You should verify if the chains “converged”. You can look at the path of the chains, as shown below. In the paper, we propose an automatic way to filter bad chains by comparing the scale of the resulting predictions (see this code, reproduced below). You can also filter on h2 and p estimates that diverge from the median of the chains.

library(ggplot2)
auto <- multi_auto[[1]]
plot_grid(
  qplot(y = auto$path_p_est) + 
    theme_bigstatsr() + 
    geom_hline(yintercept = auto$p_est, col = "blue") +
    scale_y_log10() +
    labs(y = "p"),
  qplot(y = auto$path_h2_est) + 
    theme_bigstatsr() + 
    geom_hline(yintercept = auto$h2_est, col = "blue") +
    labs(y = "h2"),
  ncol = 1, align = "hv"
)

beta_auto <- sapply(multi_auto, function(auto) auto$beta_est)
pred_auto <- big_prodMat(G, beta_auto, ind.row = ind.test, ind.col = df_beta[["_NUM_ID_"]])
sc <- apply(pred_auto, 2, sd)
keep <- abs(sc - median(sc)) < 3 * mad(sc)
final_beta_auto <- rowMeans(beta_auto[, keep])
final_pred_auto <- rowMeans(pred_auto[, keep])
cor(final_pred_auto, y[ind.test])
## [1] 0.4964273

lassosum2: grid of models

lassosum2 is a re-implementation of the lassosum model that now uses the exact same input parameters as LDpred2 (corr and df_beta). It should be fast to run. It can be run next to LDpred2 and the best model can be chosen using the validation set. Note that parameter ‘s’ from lassosum has been replaced by a new parameter ‘delta’ in lassosum2, in order to better reflect that the lassosum model also uses L2-regularization (therefore, elastic-net regularization).
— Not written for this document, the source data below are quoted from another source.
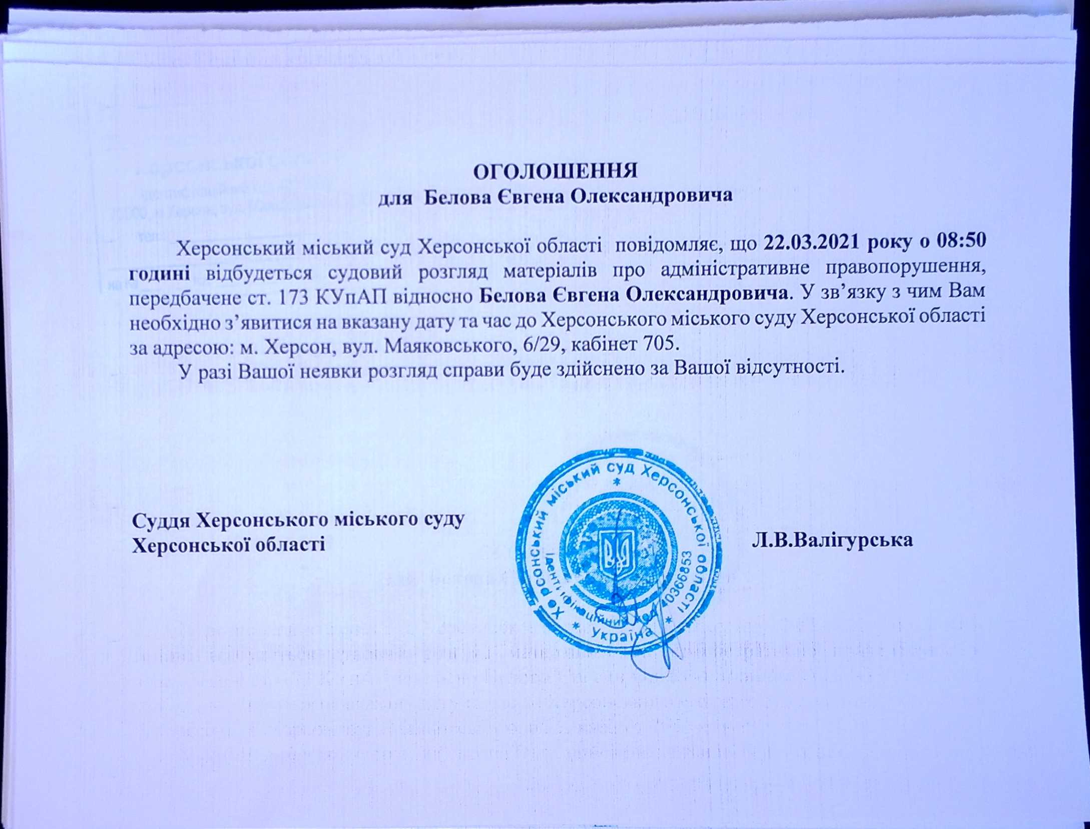 ОГОЛОШЕННЯ для Белова Євгена Олександровича
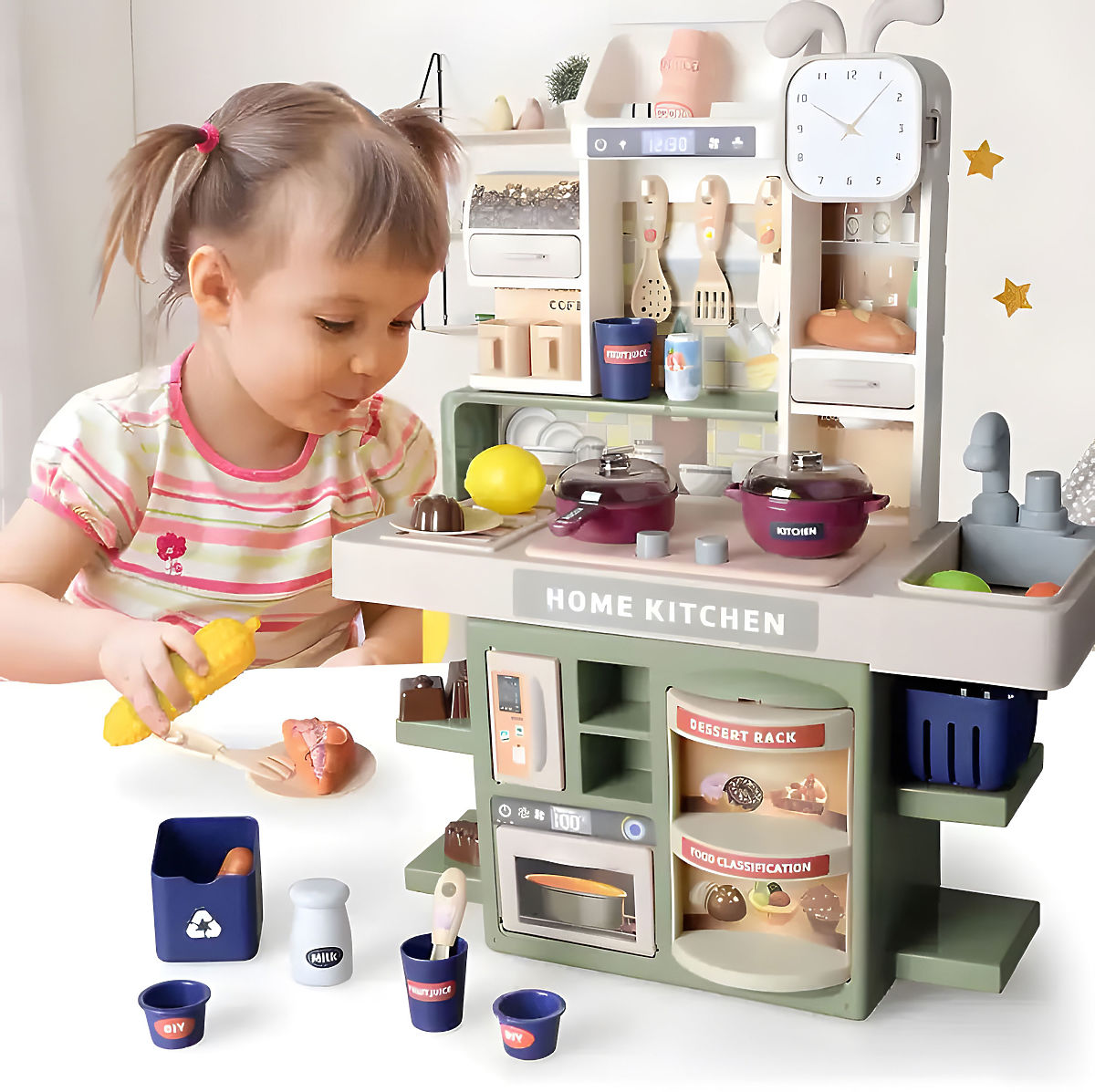 Fiecare copil adoră să observe, să imite și să ajute adulții în activitățile zilnice. Datorită bucătăriei, copilul dumneavoastră va avea ocazia să intre în rolul unui bucătar sau bucătăreasă și să pregătească mese delicioase pentru întreaga familie. Jucăria îi va învăța principiile gătitului, va dezvolta creativitatea și abilitățile manuale.
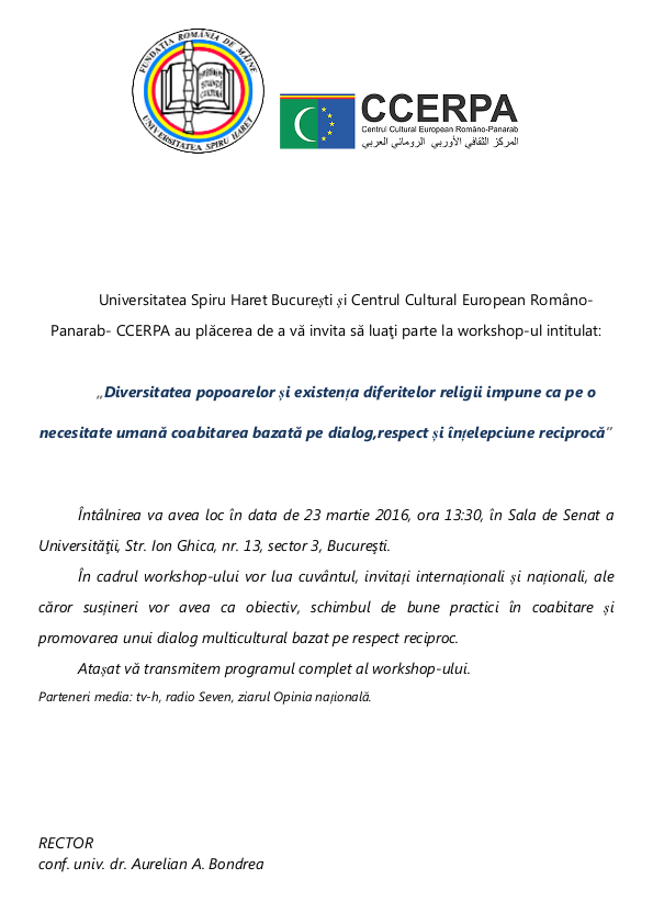 Universitatea Spiru Haret București și Centrul Cultural European Româno-Panarab- CCERPA au plăcerea de a vă invita să luaţi parte la workshop-ul intitulat:
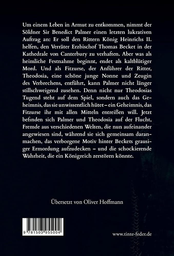 Um einem Leben in Armut zu entkommen, nimmt der Söldner Sir Benedict Palmer einen letzten lukrativen Auftrag an: Er soll den Rittern König Heinrichs II. helfen, den Verräter Erzbischof Thomas Becket in der Kathedrale von Canterbury zu verhaften. Aber was als heimliche Festnahme beginnt, endet als kaltblütiger Mord. Und als Fitzurse, der Anführer der Ritter, Theodosia, eine schöne junge Nonne und Zeugin des Verbrechens, entführt, kann Palmer nicht länger stillschweigend zusehen. Denn nicht nur Theodosias Tugend steht auf dem Spiel, sondern auch das Geheimnis, das sie unwissentlich hütet – ein Geheimnis, das Fitzurse ihr mit allen Mitteln entreißen will. Jetzt befinden sich Palmer und Theodosia auf der Flucht, Fremde aus verschiedenen Welten, die nun aufeinander angewiesen sind, während sie sich gemeinsam daran machen, das verborgene Motiv hinter Beckets grausiger Ermordung aufzudecken – und die schockierende Wahrheit, die ein Königreich zerstören könnte.
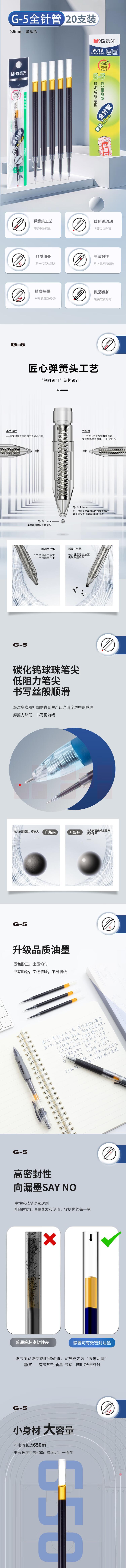 晨光(M&G)墨蓝色0.5mm按动全针管中性笔芯替芯水笔芯K35/S01/S08适用9018A 20支
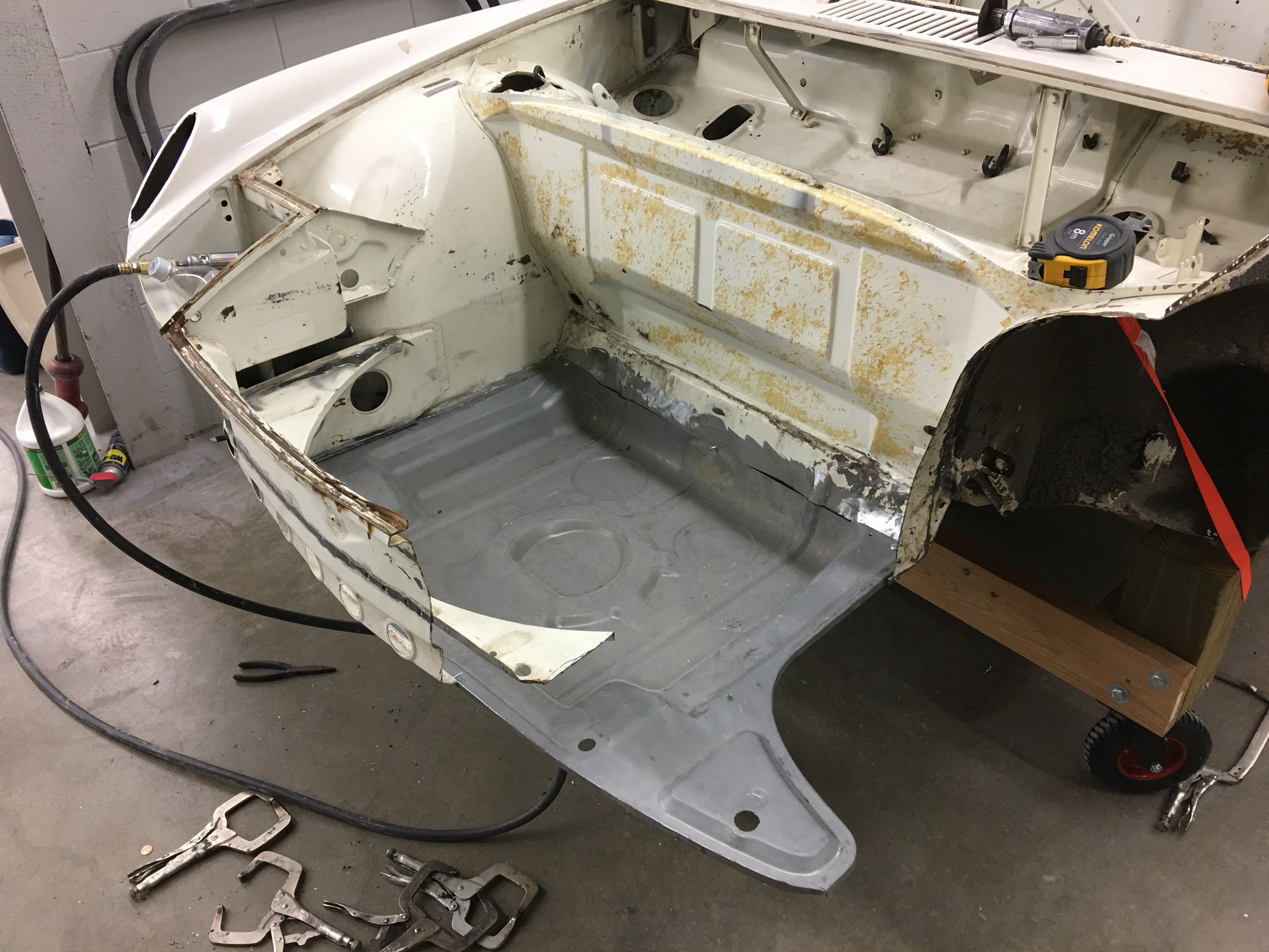 QUOTE(BeatNavy @ Feb 23 2017, 05:56 AM) It is a good feeling to stop cutting out and start putting back. That's some major surgery right there. That RD front trunk pan is beautiful - looks like you're still working it, but is it fitting in pretty easily? It is fitting easily. As they state on the RD site, some adjustment has been necessary, but nothing major. The holes for the headlight drain tubes are undersized, as the original pan had flanges bent downward, but that extra operation is not performed on the new pan. No big deal - I just reamed the holes out a bit to fit. I do want to stress, though, that without this new pan, I probably would have parted the car out instead of being able to save it. It had pretty extensive front end damage, plus holes for the A/C condenser. It was also beneficial that they sell the triangular stiffening parts and the front suspension mounts. Restoration Design kept another one on the road! |
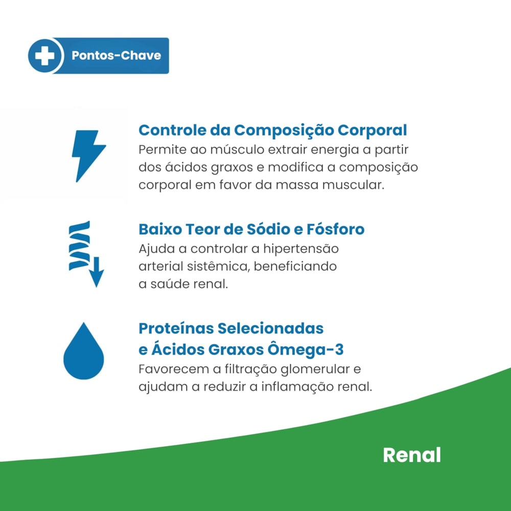 Baixos Níveis de Sódio e Fósforo: A formulação possui baixos conteúdos de sódio e fósforo, contribuindo para a saúde renal.
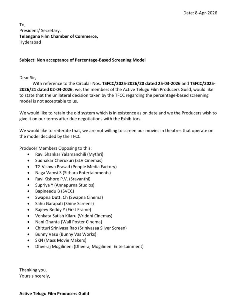 తెలుగు చిత్ర పరిశ్రమలో మరో కొత్త వివాదం రాజుకుంది. థియేటర్లలో సినిమాల ప్రదర్శనకు సంబంధించి తెలంగాణ ఫిల్మ్ ఛాంబర్ ఆఫ్ కామర్స్ (TFCC) ఇటీవల ప్రతిపాదించిన “పర్సంటేజ్ ఆధారిత స్క్రీనింగ్ మోడల్”పై అగ్ర నిర్మాతలు తీవ్ర అభ్యంతరం వ్యక్తం చేశారు. ఈ విధానాన్ని ఏకపక్షంగా తమపై రుద్దడాన్ని అంగీకరించబోమని స్పష్టం చేస్తూ, యాక్టివ్ తెలుగు ఫిల్మ్ ప్రొడ్యూసర్స్ గిల్డ్ (ATFPG) ఏప్రిల్ 8న ఛాంబర్కు ఓ అధికారిక లేఖ రాసింది.
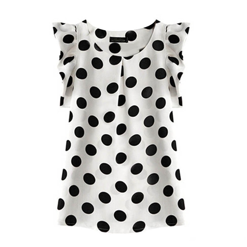 Vacker blus med prickar. Den har korta ärmar med volanger.
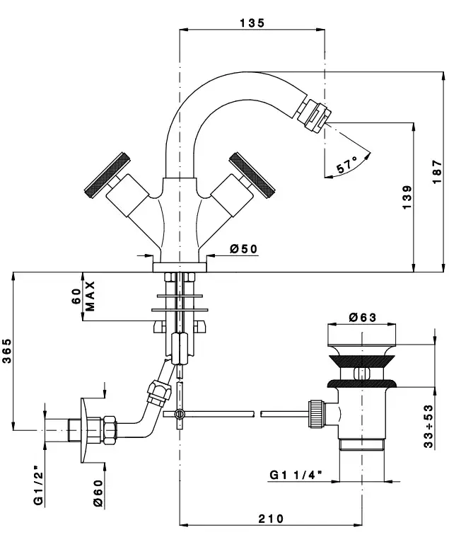 Nicolazzi Arena Смеситель для раковины на 3 отверстия, с донным клапаном, излив: 176 мм, цвет: хром
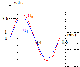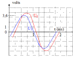 Détermination de l'inductance L de la bobine. On a relevé les enregistrements. Les enregistrements reproduits sur les figures ont été obtenus dans les mêmes conditions d'expérimentation, à l'exception d'un paramètre qui a varié. La fréquence du GBF a changé ( dans l'un des cas la période vaut 0,7 ms, dans l'autre elle vaut 1,8 ms) Les tensions relevées sont repérées par u0 et u1. La valeur maximale de la tension aux bornes du résistor ne peut pas être supérieure à la valeur maximale de la tension aux bornes du GBF : donc u1 correspond à la tension uR aux bornes du résistor. La tension aux bornes d'un résistor et l'intensité qui le traverse sont proportionnelles : u1 est l'image de l'intensité au facteur R près. u0 est la tension aux bornes du dipôle RLC. Lorsque u0 et u1 sont en phase (courbes non décalées) on observe le phénomène de résonance d'intensité. La fréquence du GBF vaut : 1/0,7 10-3 =
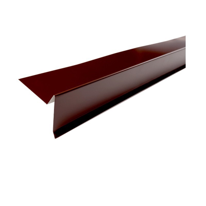 Планка торцевая полиэстер RAL 8017 коричневая 75х25х65х5 мм, 2 м, шт купить в Сургуте по оптовой цене в интернет магазине СтройПлатформа. Торцевая планка - это доборный элемент к гибкой черепице, выполненный из оцинкованной стали толщиной 0,45 мм, с наружной стороны нанесено цветное защитное полимерное покрытие Полиэстер. При помощи торцевой планки оформляют фронтоны на кровлях с покрытием из гибкой черепицы.
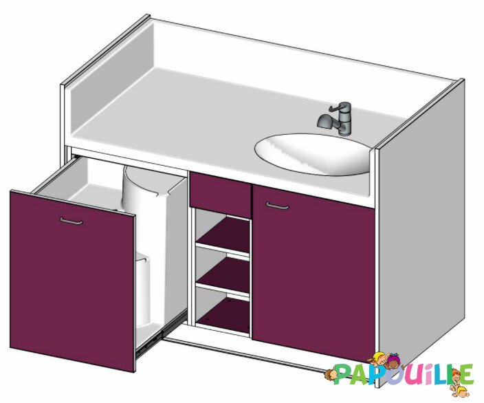 Meuble à langer une cuve - modèle 1 - 1500 x 830 mm prune
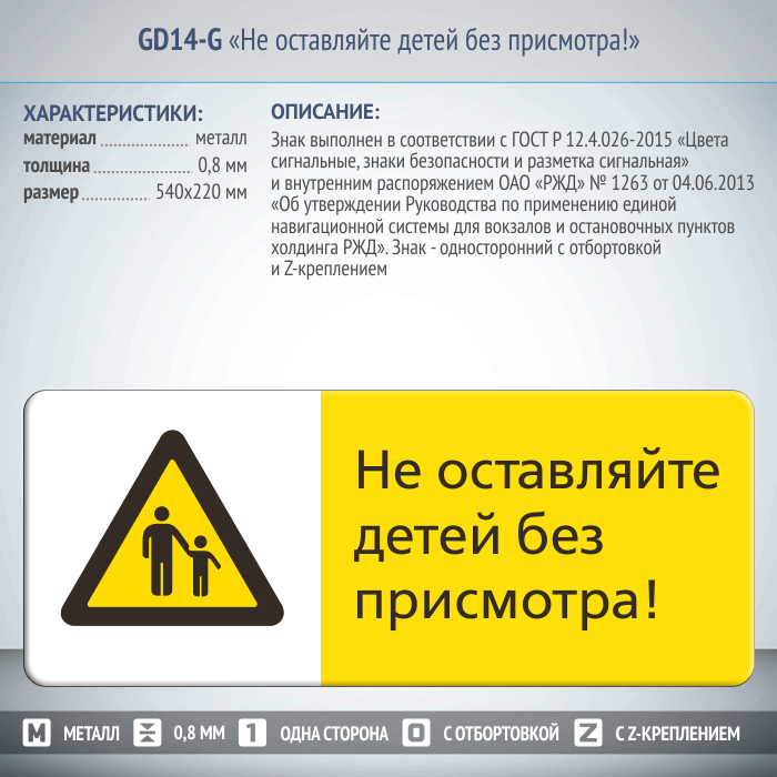 Знак «Не оставляйте детей без присмотра!», GD14-G (односторонний горизонтальный, 540х220 мм, металл, с отбортовкой и Z-креплением) в Великом Новгороде купить
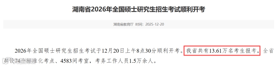 我省共有13.61万名考生报考,全省共设74个标准化考点、4583间考室,考务工作人员1.5万余人。较25考研(14.92万人)减少1.31W,降幅8.78%。
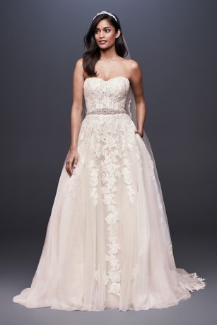 Delightfully alluring, the lace-appliqued, semi-sheer bodice of this airy tulle ball gown creates a delicate look for brides who take their romance with a side of daring.
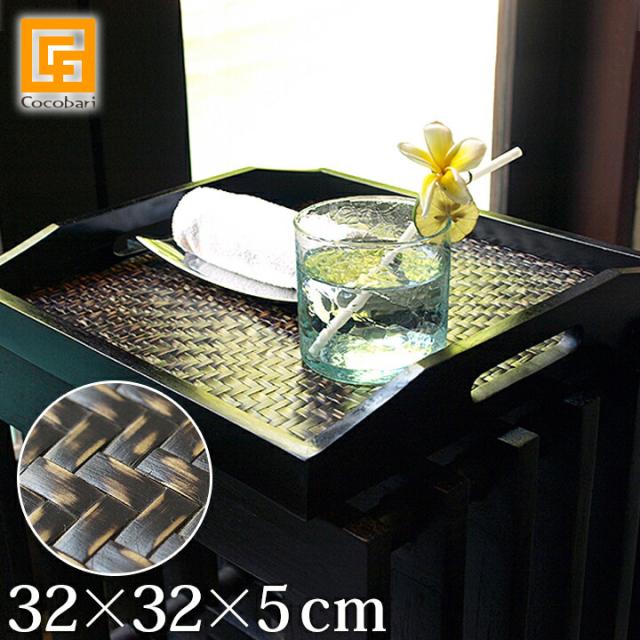 トレイ(チーク&バンブー)32×32×5cm持ち手付き アジアン バリ お盆 トレー おしゃれ 木製 竹 スクエア 台 おぼん バリ雑貨 インテリア ココバリ アジアン雑貨 バリ雑貨 ホテル リゾート おしゃれ インテリア
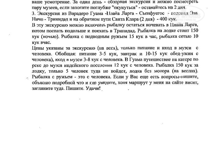 Пляж довольно симпатичный, залив обалденный. На пляже есть бесплатные каяки, катамараны, яхты. Нам понравилось , мы плавали.Еще есть возможность поиграть в настольный теннис, бадминтон, бильярд, но оборудование старое. Зато у бассейна есть джакузи на 7 чел и мы там часто зависали. На экскурсии ездили в Гавану с частным гидом (Эрнесто и Изабель см. приложения), на О. Кайо-Ларго и в дельфинарий с Пегасом. На остров записывайтесь сразу по приезду, очень здорово. Места остается мало, если есть вопросы-пишите, отвечу. Удачной поездки! Приложения лучше распечатать для чтения.
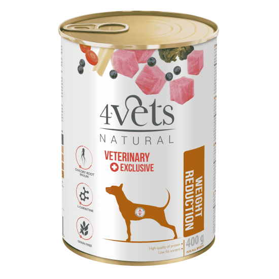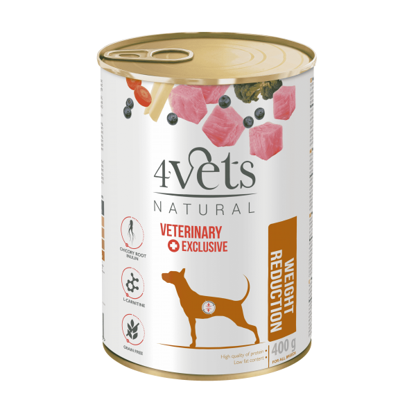 4Vets Natural Weight Reduction е пълноценна диетична храна за домашни любимци, препоръчвана за кучета с наднормено тегло и затлъстяване, с потвърден диабет и след стерилизация, за да се предотврати развитието на наднормено тегло и затлъстяване. Благодарение на ниското съдържание на мазнини и L-карнитин, диетата подпомага процеса на отслабване. Повишеното количество фибри облекчава чувството на глад.
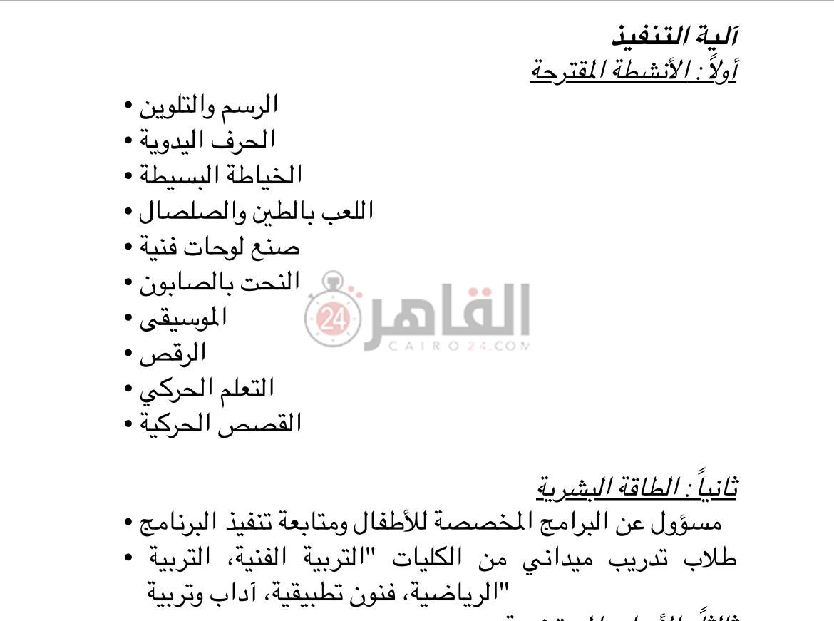 وواصل: من آليات التنفيذ هي الطاقة البشرية، وهذا يعتبر مسؤولا عن البرامج المخصصة للأطفال ومتابعة تنفيذ البرامج، كذا طلاب تدريب ميداني من الكليات التربية الفنية والتربية الرياضية، فنون تطبيقية وآداب وتربية، معقبًا: موعد الافتتاح ليس الآن، وفي حالة وجود أي شئ جديد سيتم الإعلان عنه.

beta_lassosum2 <- snp_lassosum2(corr, df_beta, ncores = NCORES)
params2 <- attr(beta_lassosum2, "grid_param")
pred_grid2 <- big_prodMat(G, beta_lassosum2, ind.col = df_beta[["_NUM_ID_"]])
params2$score <- apply(pred_grid2[ind.val, ], 2, function(x) {
  if (all(is.na(x))) return(NA)
  summary(lm(y[ind.val] ~ x))$coef["x", 3]
  # summary(glm(y[ind.val] ~ x, family = "binomial"))$coef["x", 3]
})
library(ggplot2)
ggplot(params2, aes(x = lambda, y = score, color = as.factor(delta))) +
  theme_bigstatsr() +
  geom_point() +
  geom_line() +
  scale_x_log10(breaks = 10^(-5:0)) +
  labs(y = "GLM Z-Score", color = "delta") +
  theme(legend.position = "top") +
  guides(colour = guide_legend(nrow = 1))
## Warning: Removed 7 rows containing missing values (geom_point).
## Warning: Removed 7 row(s) containing missing values (geom_path).

library(dplyr)
best_grid_lassosum2 <- params2 %>%
  mutate(id = row_number()) %>%
  arrange(desc(score)) %>%
  slice(1) %>%
  pull(id) %>% 
  beta_lassosum2[, .]
best_grid_overall <- 
  `if`(max(params2$score, na.rm = TRUE) > max(params$score, na.rm = TRUE),
       best_grid_lassosum2, best_beta_grid)
# Some cleaning
rm(corr); gc(); file.remove(paste0(tmp, ".sbk"))
##            used  (Mb) gc trigger  (Mb) max used  (Mb)
## Ncells  3275210 175.0    6035628 322.4  6035628 322.4
## Vcells 34928115 266.5   63670624 485.8 59459483 453.7
## [1] TRUE

Reference

Privé, F., Arbel, J., & Vilhjálmsson, B. J. (2020). LDpred2: better, faster, stronger. Bioinformatics, 36(22-23), 5424-5431.